We next asked whether variation in ileal microbiota could explain variation in tracheal inflammation in ammonia-exposed broiler. We compared the composition of ileal microbiota with tracheal inflammation using the spearman correlation analysis (Fig. 3A, B). Tracheal concentrations of IL-10, IL-6, TNF-α and IL-1β were significantly positively correlated with the community composition of ileal microbiota (P < 0.05). In addition, as shown in Fig. 3A, enrichment of ileal microbiota with the Streptococcus and Escherichia-Shigella was correlated with increased tracheal TLR4 concentration (P < 0.05; Fig. 3B). The above results indicated ileal microbiota correlated with tracheal inflammation in inhaled ammonia exposed-broiler.
Intestinal microbiota transplantation induces the tracheal injury.
To further determine the contribution of ileal microbiota to the tracheal inflammation injury caused by inhaled ammonia exposure, we transplanted the ileal microbiota collected from the inhaled ammonia exposed-broilers to the healthy broiler. The results showed that there was diffuse infiltration of inflammatory cells in the mucosa; Submucosal edema, increased tissue space, accompanied by connective tissue hyperplasia in the transplantation group, however, the histological structure was normal and no obvious pathological changes were found in the PBS group (Fig. 4A, B). In addition, the concentrations of TLR4, IL-1β, TNF-α were significantly increased in the transplantation group as opposed to the PBS group (Fig. 4C). Taken together, the ileal microbiota played an important role in the tracheal inflammation induced by exposure to inhaled ammonia via TLR4 signaling pathway.

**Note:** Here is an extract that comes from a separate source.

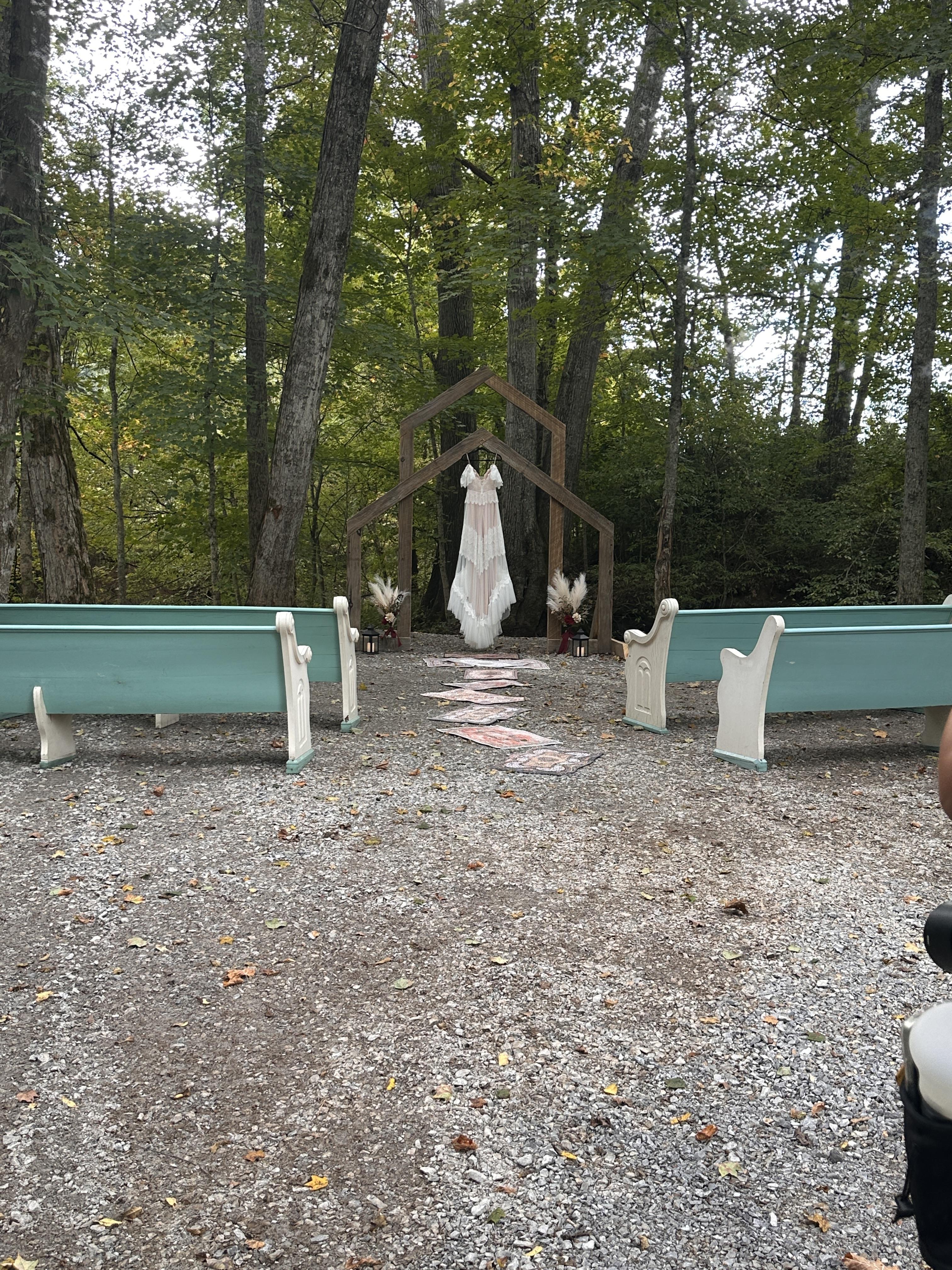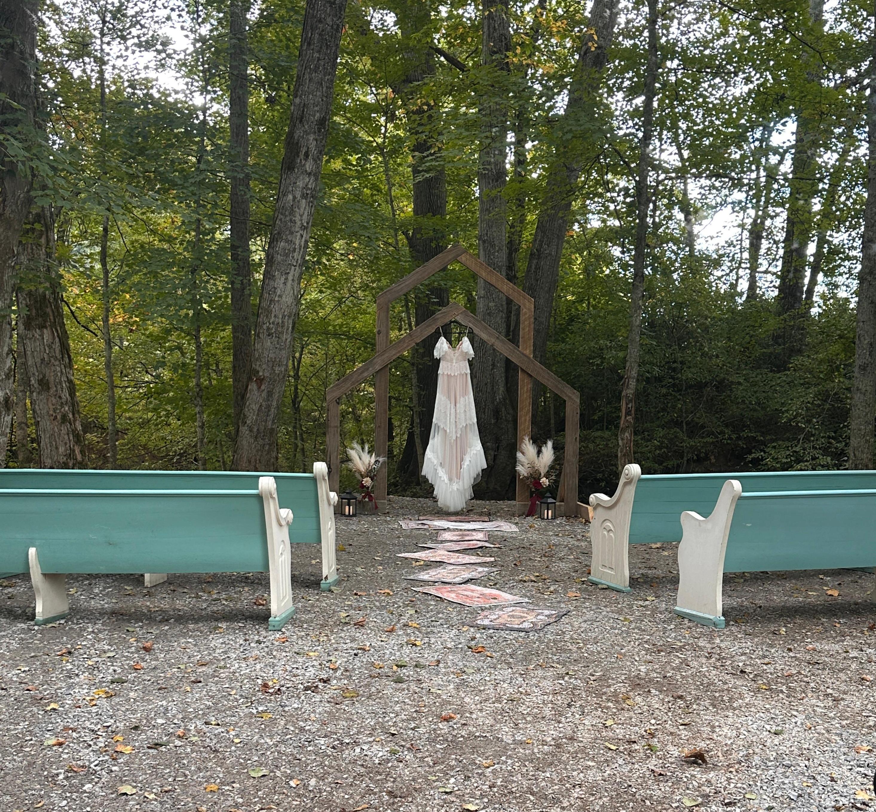 This space, known as the point, is where two lovely creeks converge. It features two wedding spots, one with an altar and another inside a ring of trees. It also features a spectacular spot for photos on a hand hewn log deck that overhangs the creek. We provide 1940's antique church pews for your guests.

We also analyzed the tracheal microbiota between the transplantation group and PBS group, the results showed that microbiota transplantation also significantly increased the relative abundance of [Ruminococcus]_ torques_ group, Faecalibacterium, Unclassified_ f_ Lachnospiraceae, etc in the trachea (Fig. 4D). This result indicated that these bacteria may be the microbiota-bridge between the trachea and ileal.

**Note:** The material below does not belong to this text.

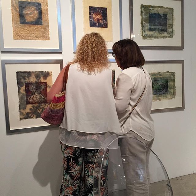 María Cristina de la Vega,explicando la técnica del grabado solar a coleccionistas |

Antibiotic treatment reduces ammonia-induced tracheal injury.
Having determined that ileal microbiota was altered by inhaled ammonia exposure and correlated with tracheal inflammation, we next sought to determine whether the intestinal microbiota play a causal role in the pathogenesis of ammonia induced tracheal injury. To accomplish this, we compared the effects of inhaled ammonia exposure in broiler with conventional microbiota and experimentally manipulated microbiota, using broad antibiotics. As shown in Fig. 5, local necrosis and abscission of epithelial cells were observed; There was diffuse infiltration of inflammatory cells in lamina propria in the group of inhale ammonia exposure treatment (Fig.5A), however, the histological structure was normal and no obvious pathological changes were found in the group of antibiotic treatment under inhaled ammonia exposure (Fig.5B). This result indicated antibiotic treatment reduces ammonia-induced tracheal injury. In addition, the concentrations of TLR4, TNF-α, IL-10 were reduced in the group of antibiotic treatment (P < 0.05; Fig.5C).
In addition, we also investigated the tracheal microbiota between the antibiotic treatment and ammonia exposure group, and found that antibiotic treatment significantly decreased the relative abundance of [Ruminococcus]_torques_group, Faecalibacterium, unclassified_f_Lachnospiraceae, etc in the trachea (Fig. 5D). This result further indicated tracheal microbiota and ileal microbiota were cross-talk under inhaled ammonia exposure, which might be communicated by changing the relative abundance of some bacteria such as [Ruminococcus]_torques_group, Faecalibacterium, unclassified_f_Lachnospiraceae in the two parts.